Documentaire français de Christophe Cognet (2021) 1h49. Sortie le 15 mars 2023.
Une ondée sur une flaque exhume de petits granulés blancs. Une main s’en saisit, tandis qu’une voix nous explique qu’il s’agit de minuscules débris d’os humains qui exsudent des entrailles de la terre après chaque averse. Depuis huit décennies et sans doute pour longtemps encore. C’est à peu près tout ce qui reste d’un camp d’extermination dont les Nazis voulaient effacer la moindre trace. Mais c’était sous-estimer la puissance de la terre devenue charnier. Déjà remarqué pour son documentaire poignant sur les artistes qui ont continué à créer dans les camps de concentration, Parce que j’étais peintre (2013), Christophe Cognet prolonge le devoir de mémoire du regretté Claude Lanzmann en célébrant des héros de l’ombre : ces déportés qui sont parvenus à photographier le théâtre de leur martyr et à transmettre leurs clichés aux survivants. Pour qu’ils ne puissent pas oublier. Un sujet auquel l’auteur d’À pas aveugles avait déjà consacré le livre “Éclats”, sous-titré “Prises de vue clandestines des camps nazis” paru en 2019 au Seuil. Il nous offre ici une contribution essentielle pour combattre le révisionnisme toujours vivace qui menace de rallier à sa cause les futures générations vulnérables malgré elles à l’oubli et à l’indifférence.

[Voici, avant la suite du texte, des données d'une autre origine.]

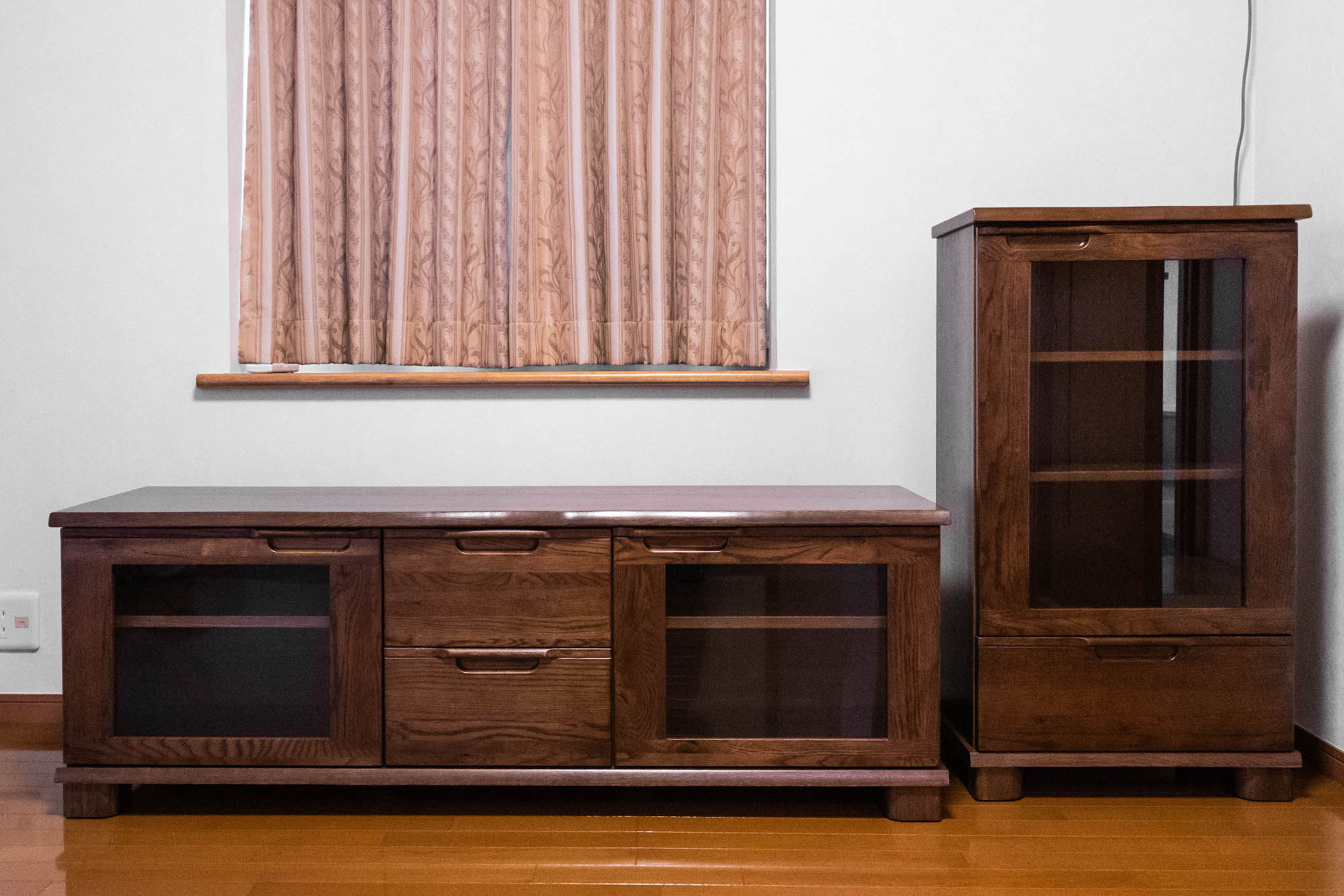 ナラ(オーク)無垢材のテレビボードとサイドボードをお届けしました。落ち着きのあるダーク色で合わせて、まとまりのある組み合わせでお選びいただきました。収納が不足しがちなリビング周りもばっちりカバーできる、頼もしいペアになりました。

Cognet retrace les circonstances qui ont présidé à la réalisation de chacune de ces photos précieusement conservées comme des lambeaux de mémoire et montre les trésors d’imagination déployés pour transmettre ces bribes de témoignages au monde extérieur, aussi imprévisible et peu sûr soit-il, alors même que les Nazis entendaient effacer toute trace de leurs crimes aux yeux de la postérité en appliquant la doctrine policière “pas de cadavre, pas de crime”. Il n’hésite pas pour cela à plaquer ces photos en transparence dans le cadre où elles ont été réalisées, afin d’en établir la topographie précise. Jusqu’à ce cliché inouï pris de l’intérieur même d’une chambre à gaz par un témoin mû par une détermination inhumaine. Comme un témoignage en provenance de l’enfer. À pas aveugles est un film essentiel, conçu à la fois comme une quête historique et un legs précieux offert aux survivants. C’est aussi un authentique tour de force qui relève de l’enquête criminelle de masse et répond au cynisme des Nazis acharnés à effacer les traces de leur abomination par des indices et des preuves accablantes. Au-delà du cinéma traditionnel, ce documentaire glaçant apporte une contribution majeure à la mémoire de l’un des pires crimes intentés contre l’humanité menacé d’oubli par la disparition inéluctable de ses ultimes témoins encore vivants.